Искусство фотографии, вооруженное новейшими достижениями, укладывает у самых ног собора соседние дома, вблизи часто казавшиеся нам почти такими же высокими, как его башни, командует памятниками, как полками, заставляя их выступать то цепью, то врассыпную, то тесным строем, сводит вместе две колонны на Пьяцетте, только что далеко отстоявшие друг от друга, отодвигает совсем близкую Салюте[218] и на бледном размытом фоне ухитряется натянуть бескрайний горизонт под пролетом моста, в проеме окна, среди листвы дерева, расположившегося на первом плане, а в более ярких тонах последовательно вставляет одну и ту же церковь в рамы аркад других церквей и церквушек, — и что еще, кроме этого искусства, может с такой же силой, как поцелуй, извлечь из какой-то вещи, которая выглядит определенным образом, сотню других вещей, ничем не хуже этой, причем каждая из них возникает из особой точки зрения на нее, имеющей полное право на существованье?

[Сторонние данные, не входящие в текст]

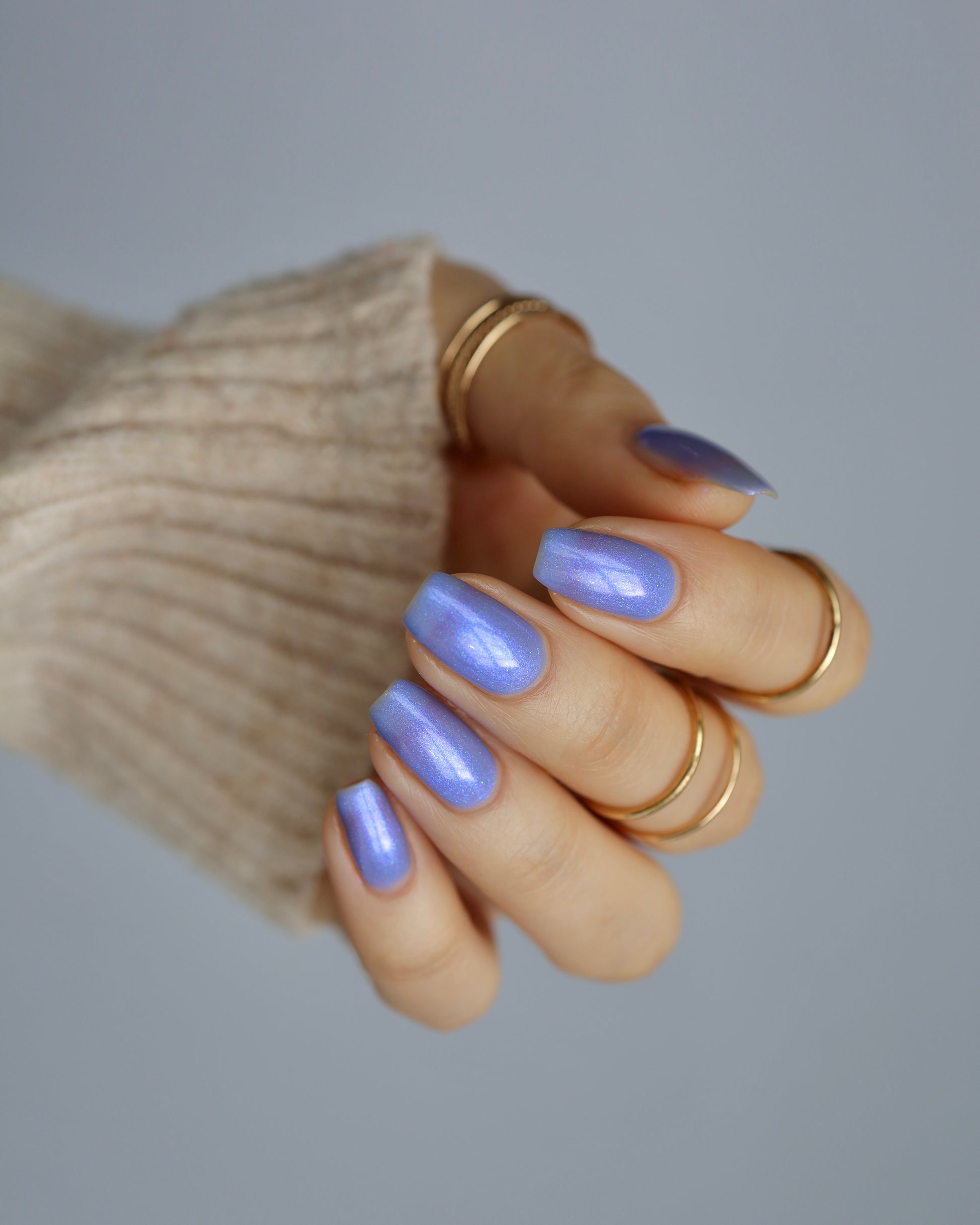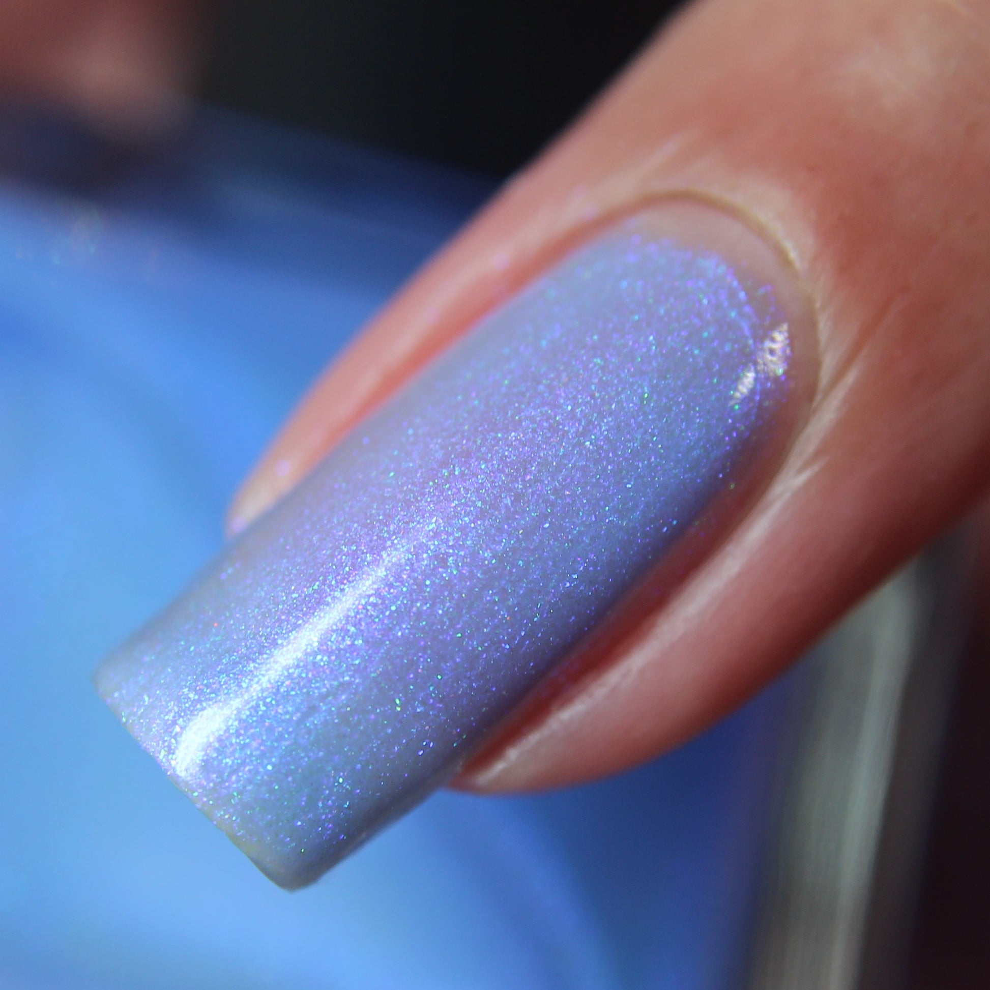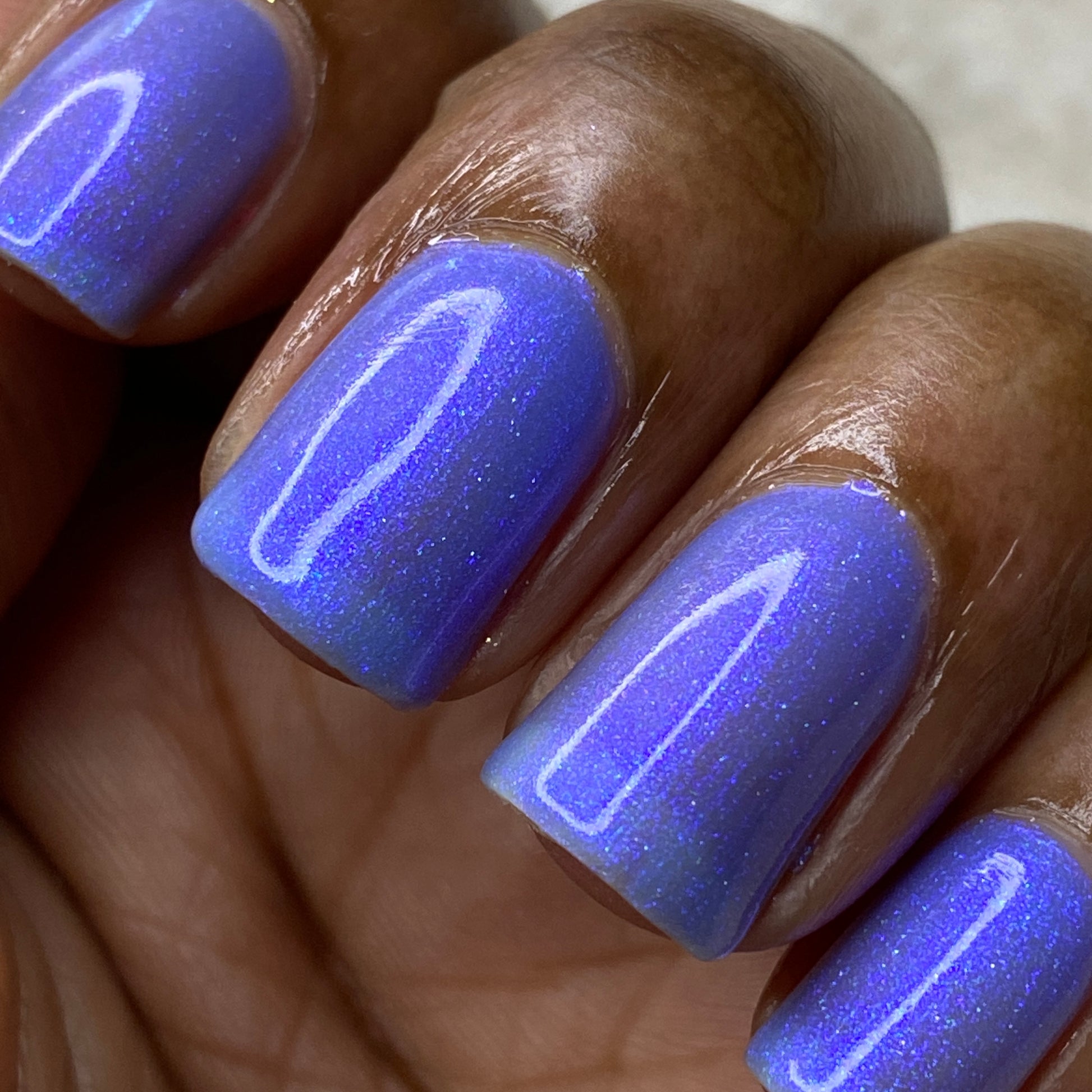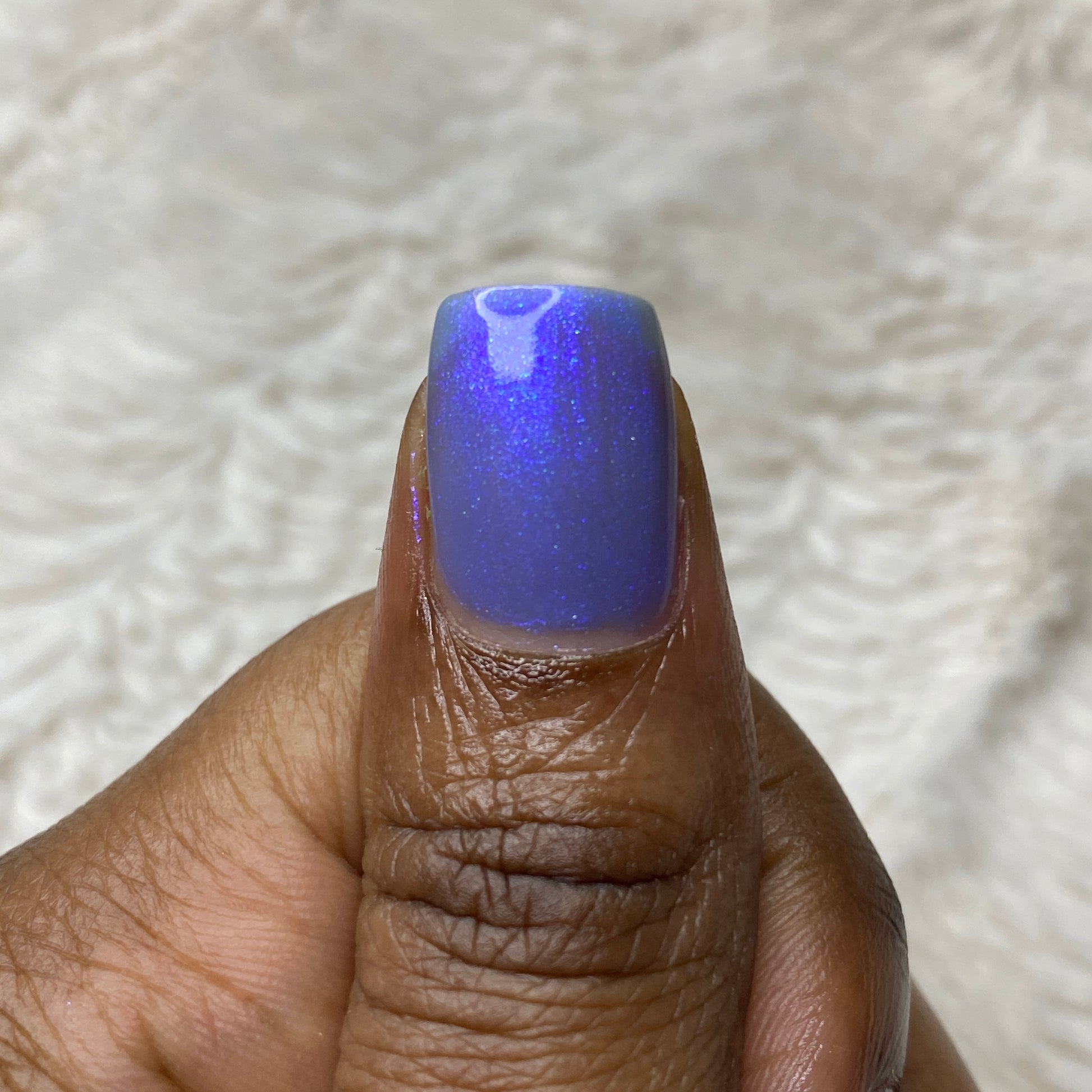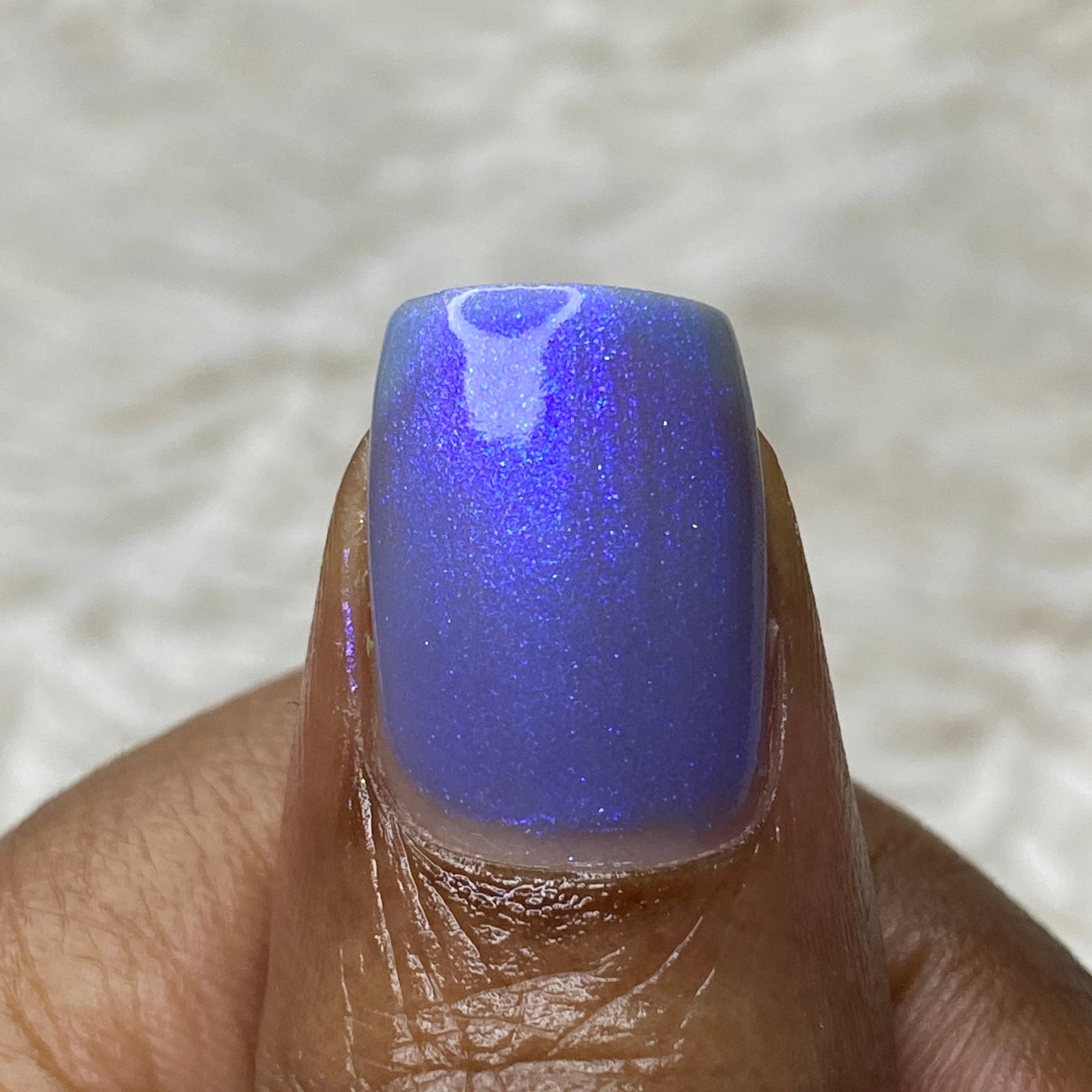 A periwinkle base with indigo shimmer that shifts to red at extremes

Словом, если в Бальбеке в свое время Альбертина часто казалась мне другой, изменившейся, то теперь — как если бы чудесным образом ускоряя смену точек зрения и перемену цвета, которые предлагает нам знакомое лицо при каждой новой встрече, мне хотелось на несколько секунд удержать их все, чтобы опытным путем воссоздать феномен, разнообразящий человеческую личность, и извлечь, как из футляра, одну за другой, все возможности, которые в ней заключены, — теперь на коротком пути от моих губ к ее щеке я увидел десять Альбертин; эта девушка, одна-единственная, была словно столикая богиня: если я пытался к ней приблизиться, на смену тому лицу, что я видел в прошлый раз, неизменно являлось другое. Но пока я до нее не дотронулся, я хотя бы видел это лицо, чувствовал источаемый им легкий аромат. Увы, мало того, что наши губы плохо приспособлены для поцелуя, — вдобавок наши ноздри и глаза и расположены крайне для него неудачно: внезапно глаза мои перестали видеть, нос, расплющившись о преграду, уже не улавливал никакого запаха, и я, так и не узнав толком, каков на вкус этот вожделенный розовый цвет, догадался по этим невыносимым приметам, что наконец-то целую Альбертину в щеку.
Наверно, дело было в том, что благодаря полному обороту твердых тел в пространстве мы разыграли сцену, обратную бальбекской, и теперь я лежал, а она сидела, то есть была в состоянии увернуться от настырной атаки и управлять удовольствием на свой лад; так или иначе, она с легкостью позволила мне то, в чем раньше с таким негодованием отказала. (Конечно, от того прежнего, негодующего выражения нынешнее, сладострастное, озарившее ее лицо, когда к нему придвинулись мои губы, отличалось лишь легким сдвигом мельчайших черточек, но к ним-то и сводится все расстояние между жестом того, кто приканчивает раненого, и того, кто приходит ему на помощь, между портретом божественно прекрасным и отталкивающим.) Я не знал, должен ли я благодарить и благословлять какого-нибудь невольного благодетеля, расстаравшегося для меня за эти последние месяцы в Бальбеке или Париже, и подумал, что перемена объясняется главным образом тем, насколько по-другому мы с ней разместились. Альбертина же дала мне другое объяснение: «Ах, тогда, в Бальбеке, я вас не знала, я думала, что у вас могут быть дурные намерения». От этого довода я впал в задумчивость. Альбертина привела его несомненно от чистого сердца. Женщине во время свидания наедине так трудно предугадать по движениям собственных рук и ног, по ощущениям своего тела неведомый грех, в который ее замыслил вовлечь чужой человек и в который ей так страшно впасть!
Но какие бы перемены ни произошли в жизни Альбертины с некоторых пор, перемены, которые могли бы, возможно, объяснить, почему моему минутному и чисто физическому влечению легко удалось добиться от нее милостей, в которых когда-то в Бальбеке она с таким негодованием отказала моей любви, как бы то ни было, в этот самый вечер в ней произошла еще более удивительная перемена, как только ее ласки довели меня до наслаждения, которого она не могла не заметить; я даже испугался, как бы она не отпрянула от меня с отвращением, оскорбленная в своей невинности, как когда-то Жильберта за лавровой рощицей на Елисейских Полях.